Ваша мама для нас — как мать родная, мы тут переживаем ночей не
спим, вы уже что-то начали предпринимать?
Ладно ещё, когда звонили те, с кем я хоть как-то пересекалась. Часто такие звонки исходили от тех, кого я знать не знала. Однажды я довольно грубо спросила какую-то тётку, не думает ли она, что мне моя мама менее дорога, чем им, посторонним, в сущности. Мне скорбно ответили, что не ожидали такого бессердечия...
Признаки деменции у мамы появились лет десять назад, если не раньше. Она с этим боролась — всё записывала, составляла расписание на каждый день. вела учёт расходов, решала кроссворды, читала детективы. С забывчивостью ей удавалось какое-то время справляться, но с возрастными изменениями в характере, с многочисленными обсессиями и со старческой паранойей — увы. Одной из её обсессий было стремление всё доедать под девизом «Я знаю, что такое голод, я продукты не выбрасываю!». Это, честно говоря было всегда, но в пределах разумного, а тут дошло до абсурда. Несмешного совсем абсурда, потому что в декабре 2011 с пищевым отравлением она попала в реанимацию. Проведя с ней десять дней в инфекционной больнице, я поняла, что контролировать её на расстоянии невозможно и явочным порядком увезла в Израиль, пока что по туристической визе.
Под закон о Возвращении мама не подпадала, вид на жительство ей
полагался только в рамках воссоединения семей, обычно этот процесс
занимает два с лишним года, у нас он занял четыре — была путаница в
документах, к тому же маме дважды удалось меня довести до того, что
я соглашалась отправить её обратно на пару-тройку месяцев
(90-летний юбилей необходимо было встретить с любимой кафедрой, под
отретушированным портретом с официальными речами пионерским
салютом и поздравительным «адресом» в коленкоровом переплёте).

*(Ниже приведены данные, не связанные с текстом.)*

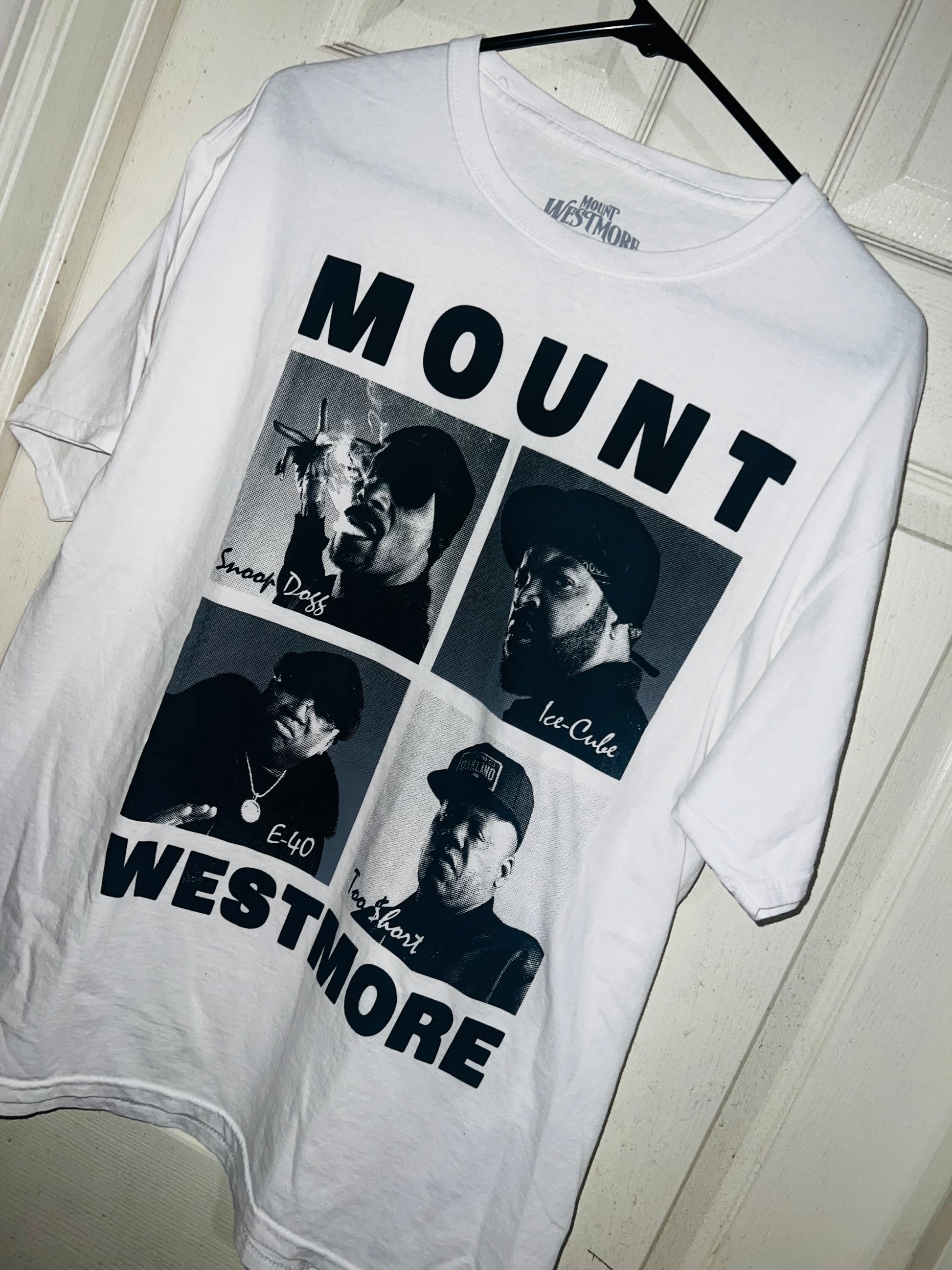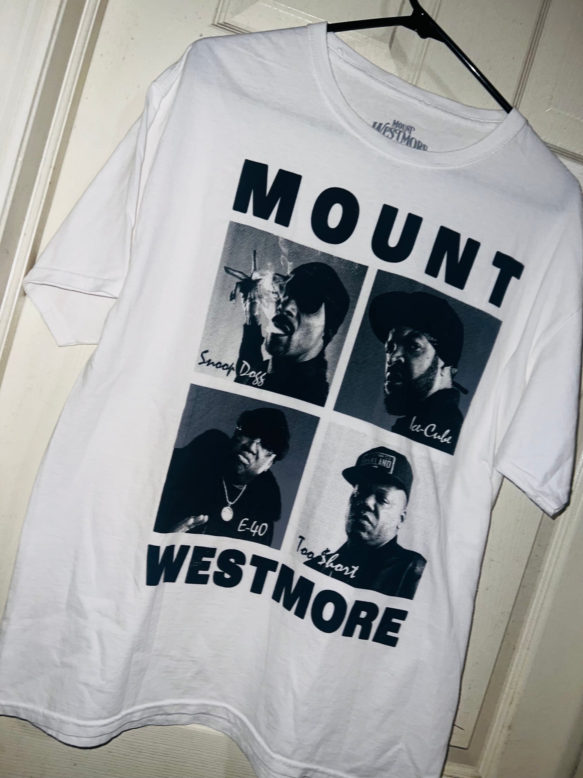 A super cool and cute tee that says Mount Westmore with Snoop Dogg, Ice Cube, E40, and Too Short with each sick portrait of them. Size large, oversized.
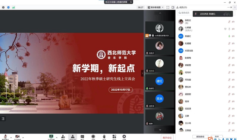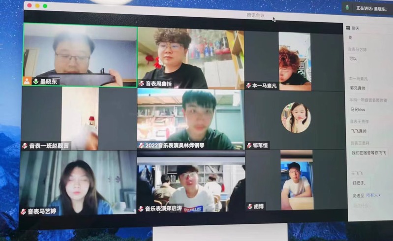 学院党委副书记王岐堃一一解答了2020级音乐学专业本科生的问题和疑惑,鼓励学生继续“明大义、识大体、顾大局”,理解并自觉遵守学校的相关规定。同时,要求同学们文明上网,注意自身网络言行,鼓励大家在课余时间阅读书籍武装头脑,充实自身。学院副院长陈建红和全体在校研究生云端相聚,倾听学生诉求,了解学生困难,探讨了学业的发展与规划;学院副院长晏晓东要求2022级在校本科生要尽早适应大学的学习模式,要系好大学的第一颗扣子,向学识渊博的老师虚心请教,向优秀的学长学姐学习。同时,也进一步向新生强调了要转变身份,严格遵守疫情防控规定,明确自身在校园疫情防控工作中承担的责任与义务;学院副院长孙晓杨与2020级音乐表演专业本科生线上畅聊,鼓励大家提早明确毕业前的目标,制定详细时间规划,朝着目标持之以恒地奋斗。此外,学院班主任、专职辅导员也和同学们进行了交流。
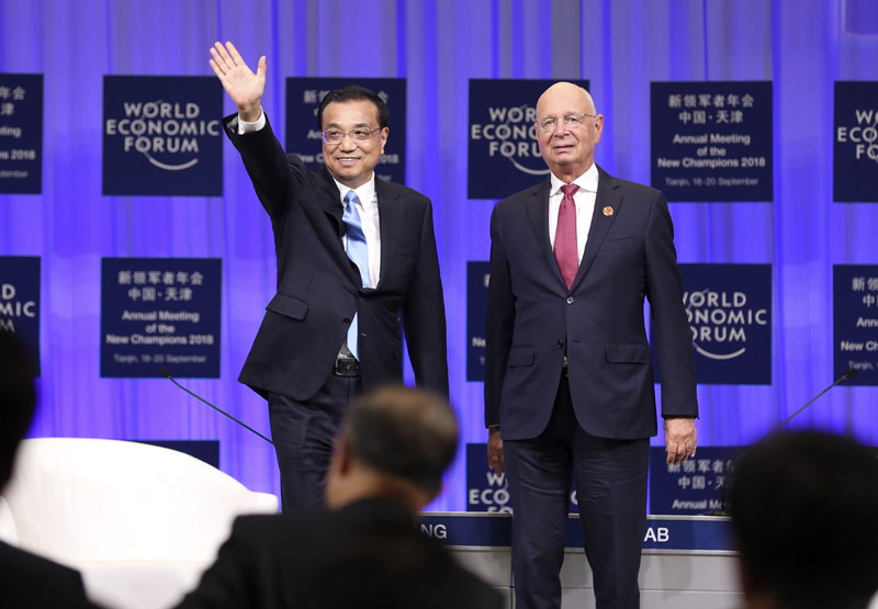 9月19日,2018年夏季达沃斯论坛在天津梅江会展中心开幕。中国国务院总理李克强出席论坛开幕式并发表特别致辞。这是李克强连续第六年以总理身份出席夏季达沃斯并发表开幕致辞。
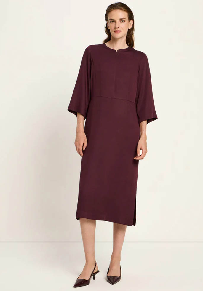 Midikleid aus 100% TENCEL™ Lyocell – weich fließend, atmungsaktiv und mit elegantem Glanz. Gerader Schnitt mit ¾-Ärmeln, Seitenschlitzen und variablem Reißverschluss am Rundhalsausschnitt. Vielseitig kombinierbar – von elegant bis lässig.
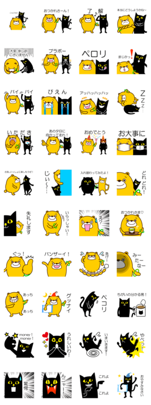 えこまる君&オニキス君 スタンプに書いてある文字一覧
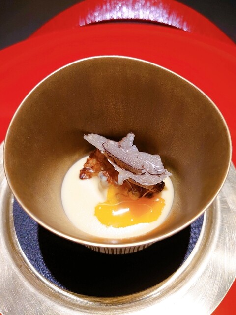 【安納芋のベシャメルとキクイモフリット 卵黄、黒トリュフ】
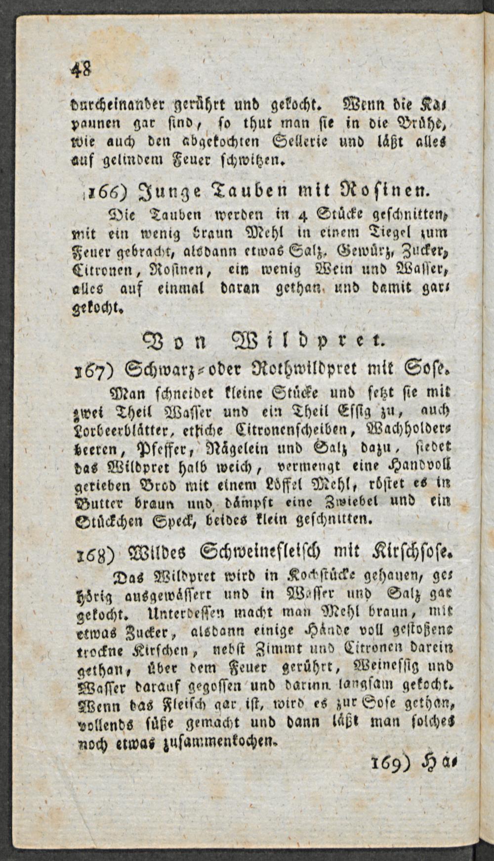 168) Wildes Schweinefleiſch mit Kirſchſoſe. Das Wildpret wird in Kochſtuͤcke gehauen, ge: hoͤrig ausgewoͤſſert und in Waſſer und Salz gar gekocht. Unterdeſſen macht man Mehl braun, mit etwas Zucker, alsdann einige Haͤnde voll geſtoßene trockne Kirſchen, nebſt Zimmt und Citronen darein gethan, uͤber dem Feuer geruͤhrt, Weineſſig und Waſſer darauf gegoſſen und darinn langſam gekocht. Wenn das Fleiſch gar iſt, wird es zur Soſe gethan, vollends ſuͤße gemacht und dann laͤßt man ſolches noch etwas zuſammenkochen. 169) Ha⸗

Каждый такой отъезд на соответствующее количество месяцев
откладывал рассмотрение нашего дела в МВД, пустяк, конечно,
многочисленные любящие её, как мать родную, друзья-приятели
продолжали мне позванивать и объяснять, что я неправильно за
мамочкой ухаживаю, слишком её контролирую (деменция? какая
деменция? да, у неё такая ясная голова! да как у вас язык
поворачивается!) Мне втолковывали, насколько эти чествования важны
для человека её поколения — мне не понять. Мне и в самом деле этого
было не понять. Зато я хорошо понимала то, что без статуса хотя бы
временного жителя нет медицинской страховки от нацстраха. И
что в возрасте под 90 ни одна страховая компания частным образом
уже не страхует ни за какие деньги.
А маме нужно было срочно лечить глаза. Отслоение сетчатки. Частный визит к врачу — от 600 до 900 шекелей. Укол в сетчатку — 750. А уколов нужно два минимум раз в месяц. Платила за это бессердечная дочь. А сердечные люди заботились о том, чтобы поздравить любимую учительницу с Днём советской армии, например. И находили время, чтобы потом отдельно позвонить мне и деликатно так попенять — что ж мы в семье стол-то не накрыли, а? Забыли славное прошлое и оторвались от корней...

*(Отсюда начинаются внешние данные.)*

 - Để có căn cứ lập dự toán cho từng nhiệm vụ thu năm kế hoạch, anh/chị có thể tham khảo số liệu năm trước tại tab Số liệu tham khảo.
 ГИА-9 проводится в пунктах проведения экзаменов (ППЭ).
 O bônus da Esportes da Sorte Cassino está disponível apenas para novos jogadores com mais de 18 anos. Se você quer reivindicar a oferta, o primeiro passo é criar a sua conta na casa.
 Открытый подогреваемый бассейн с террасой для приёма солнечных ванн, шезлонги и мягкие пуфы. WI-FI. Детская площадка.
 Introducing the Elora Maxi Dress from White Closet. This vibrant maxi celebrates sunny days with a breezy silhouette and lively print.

Кстати, вот тут я впервые столкнулась с тем, что называю рОвнодушием. Когда мама впервые пожаловалась, что натурально слепнет, я в панике записала её к первому попавшемуся специалисту, чтоб только назавтра — им оказался специалист по глаукоме (это, наряду с катарактой, у нас тоже имелось). Тот сразу сказал, что главная проблема — в сетчатке, но я объяснила, что ближайшая очередь к специалисту по сетчатке доктору Авербуху в Адассе — только через месяц, а тащить её в другой город мне физически тяжело. Доктор по глаукоме попутно, между делом, выяснил, что страховки у нас нет и когда будет — неведомо. Присвистнул. Взял телефон и набрал Авербуха. Велел прийти завтра и набраться терпения — маму примут между очередями, может быть, в конце дня. Бесплатно, по дружбе — заплатите только за уколы. По дружбе, ребята — он видел маму в первый и в последний раз в жизни! Я его ещё раз увидела год спустя в кафетерии в той же Адассе и кинулась с благодарностями. Он лучезарно улыбнулся и честно признался, что убей, не помнит, кто я такая.
Когда мама получила, наконец, страховку от нацстраха, замотанная регистраторша в Адассе сказала, что в нацстрахе я могу получить частичный возврат денег. Я запаниковала, что вряд ли сохранила квитанции. На меня ругнулись невежливо — бестолковщина! — и час спустя, выкликнув мою фамилию, девочка-стажерка, нашла нас в очереди на укол, ткнула мне пачку заново распечатанных квитанций за несколько прошлых месяцев и умчалась, не дождавшись реверансов и благодарностей.
Когда мне, наконец, позвонили из МВД с сообщением, что маме утвержден статус постоянного жителя, оказалось, что требуются ещё две бумажки — две письменных рекомендации от граждан Израиля, подтверждающих, что я — это я, а моя мама — действительно моя мама. Чиновница по имени Эти (она уже научилась за это время без ошибок произносить невозможную для израильтян мамину фамилию) заверила меня, что это пустая формальность — не банковская гарантия, никакой финансовой ответственности — есть же у вас в Израиле знакомые, которые вашу семью хорошо знают? вот пусть и напишут две строчки чистой правды. Нет, нотариальное заверение не нужно. Можно от руки. Можно по факсу.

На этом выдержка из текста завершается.